The development of renewable energy, especially wind power in Germany’s case, is key to the decarbonisation of economic activity. However, acceptance of new infrastructure in the country is extremely low. This means that stringent environmental standards must be met in order to obtain the building permits and public and local authority approvals needed to roll out this new infrastructure.  

It was precisely to ensure consistency between environmental objectives and resources employed that electricity transmission system operator TenneT opted for an original construction technique in north-west Germany for the new 380kV power line linking Emden and Conneforde. 
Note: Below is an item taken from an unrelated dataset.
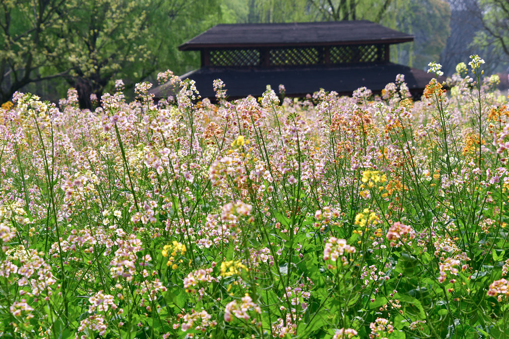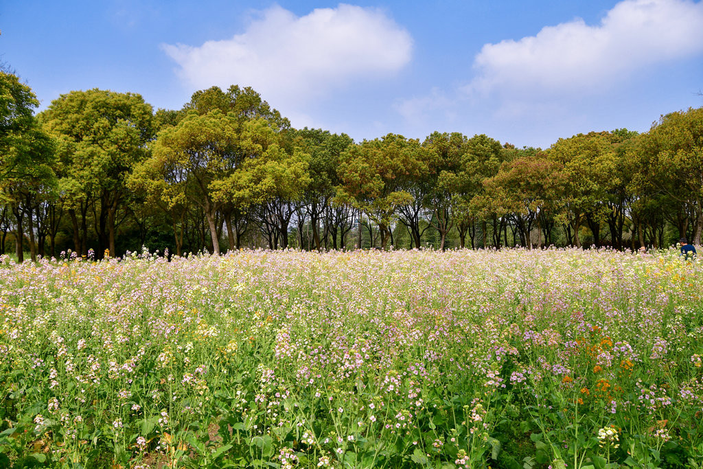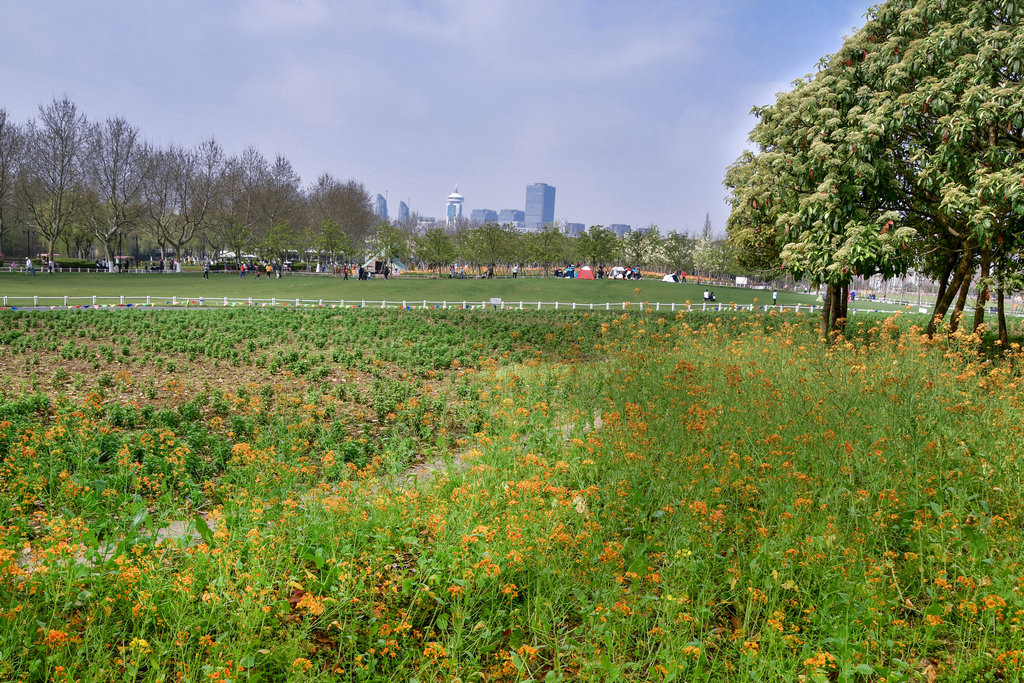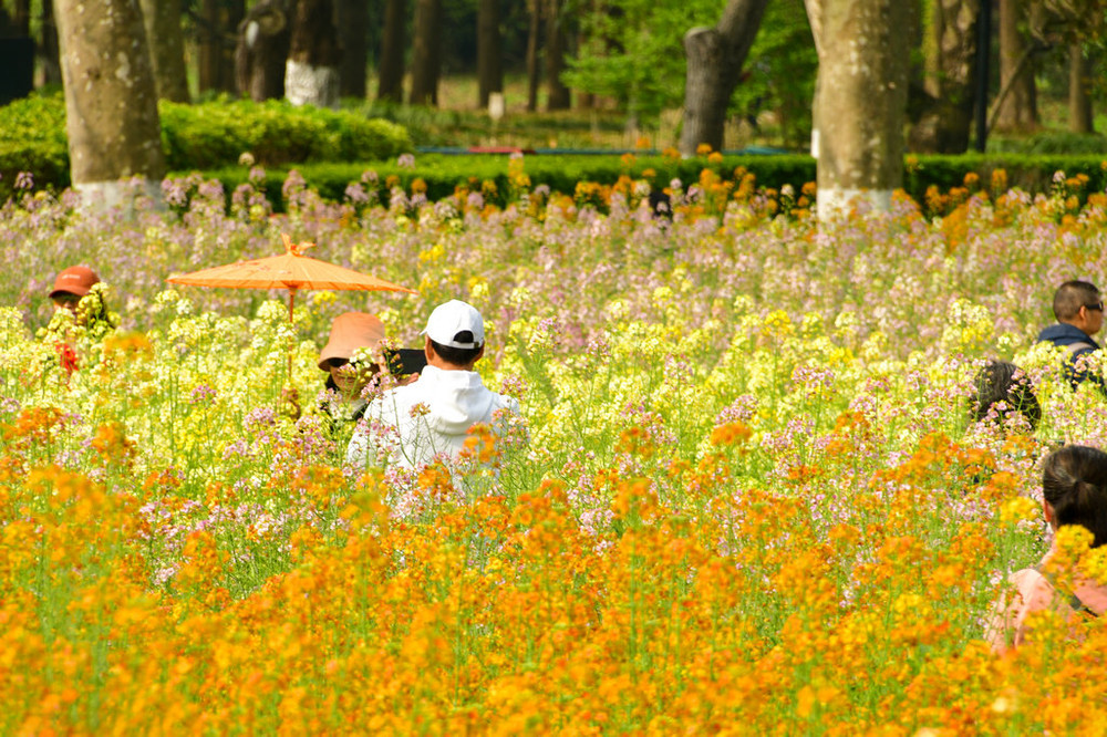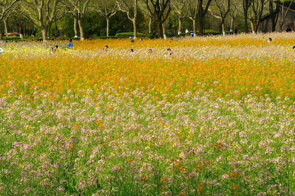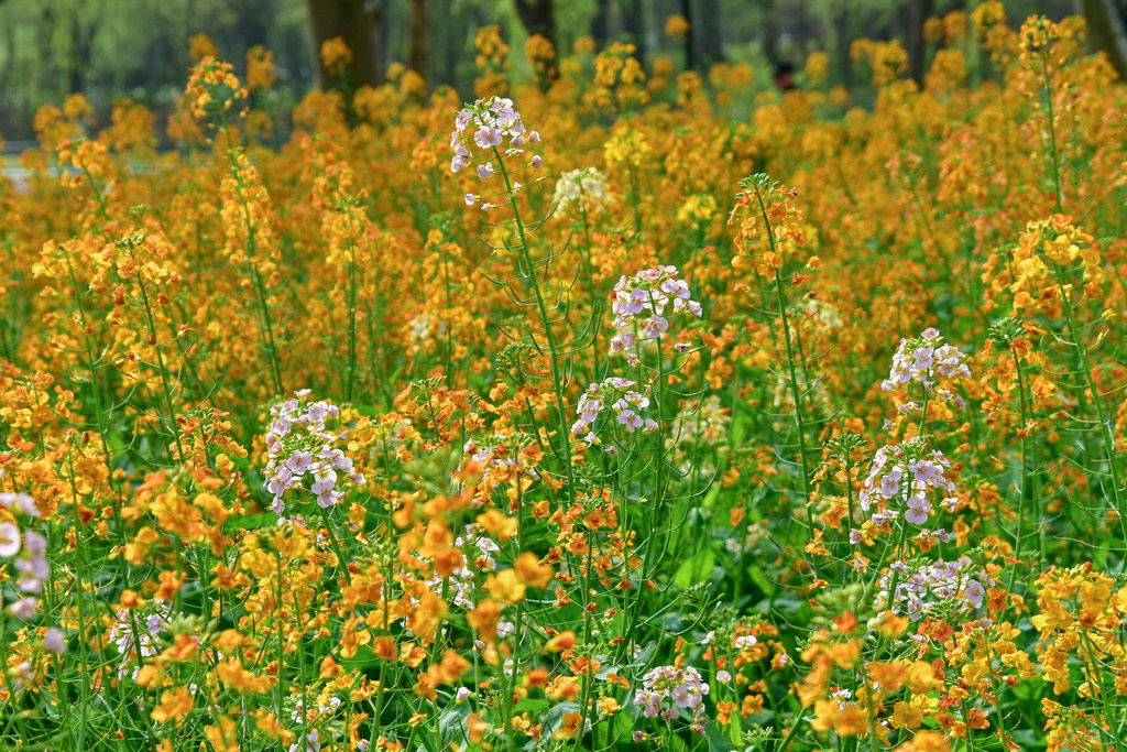 油菜花,这种并不属于珍稀品种的花,价值却平实有用,一般的油菜花,以明黄色为主,而在世纪公园的花海中,油菜花有深紫色、粉色、白色、橘红色、粉紫色等多个色系在嫩绿的油菜叶衬托下,争奇斗艳,仿佛春天的调色板打翻在田野里。

The line runs through Stapeler Moor, an area of protected wetlands located in the Westerstede region, whose soil was not to be modified or degraded by works. “The main challenge was to install a temporary railway track to provide access for heavy machinery intended for tower foundation operations,” points out Alexander Kröckel, manager of the Omexom Bau Nord/Ost business unit (VINCI Energies), which was selected by TenneT to deliver part of the transmission line, in particular the 3km stretch that crosses the nature reserve. 

Temporary roadway 

In order to build a road that would have no environmental impact on the wetlands, the Omexom team drew inspiration from a system used in the oil and gas industry in gas pipeline installation. This involved producing special lightweight swamp mats from a mix of timber and fibre glass. 

Omexom drew inspiration from a system used in the oil and gas industry in gas pipeline installation. 

“The use of this modular and lightweight temporary roadway meant we fully complied with the environmental specifications,” notes Kröckel. Furthermore, an approximately 50cm-high enclosure was erected all along the road so as to protect animal species living in the peatlands. “As well as offering ecological benefits, the panels produced for this very specific project can be re-used for another project,” says the Omexom business unit manager. 

The company had to meet another requirement set by the regional authorities. The construction project was only authorised to operate in the nature reserve within a limited timeframe, from 16 August 2019 to the end of February 2020. 

The construction of this eco-friendly road illustrates the challenges that are already facing and that will increasingly face local authorities in the years ahead in terms of developing renewable energy infrastructure while protecting the environment. In this sense, Germany represents a good vantage point. Ever since the country decided in 2011 to shut down all of its nuclear power stations following the Fukushima accident, it has been working hard to “green up” its electricity mix by making extensive use of the enormous wind energy potential offered by the North Sea.